▶ GIVEN INFORMATION:
******

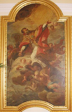 | Dieses Altarbild befindet sich heute im Stigenaufgang des Rathauses von Stockerau: Altarbild hl. Nikloaus (Johann Georg Schmidt, um 1720) ursprünglich in der Kapelle des Jagdschlosses Schmida | Eigenes Werk | DrBigT | Datei:Schlosskapelle Altarbild Hl. Nikolaus.jpg | |
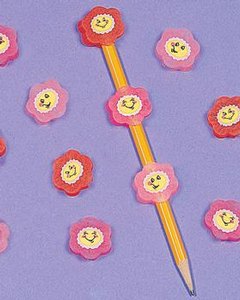 にっこりと微笑む 2.5cm大の花の形の消しゴム。裏面が縦に割れていて、鉛筆の上部に付けられます。
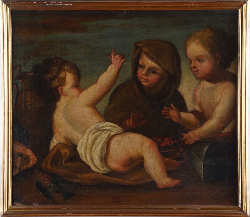 Scuola del XVIII secolo Putti che giocano con natura morta

******

▶ TASK REQUIREMENTS: Repeat the listing in full and exactly. Do not include any images.

▶ OUTPUT FOR THIS EXERCISE:
 | Dieses Altarbild befindet sich heute im Stigenaufgang des Rathauses von Stockerau: Altarbild hl. Nikloaus (Johann Georg Schmidt, um 1720) ursprünglich in der Kapelle des Jagdschlosses Schmida | Eigenes Werk | DrBigT | Datei:Schlosskapelle Altarbild Hl. Nikolaus.jpg | |
 にっこりと微笑む 2.5cm大の花の形の消しゴム。裏面が縦に割れていて、鉛筆の上部に付けられます。
 Scuola del XVIII secolo Putti che giocano con natura morta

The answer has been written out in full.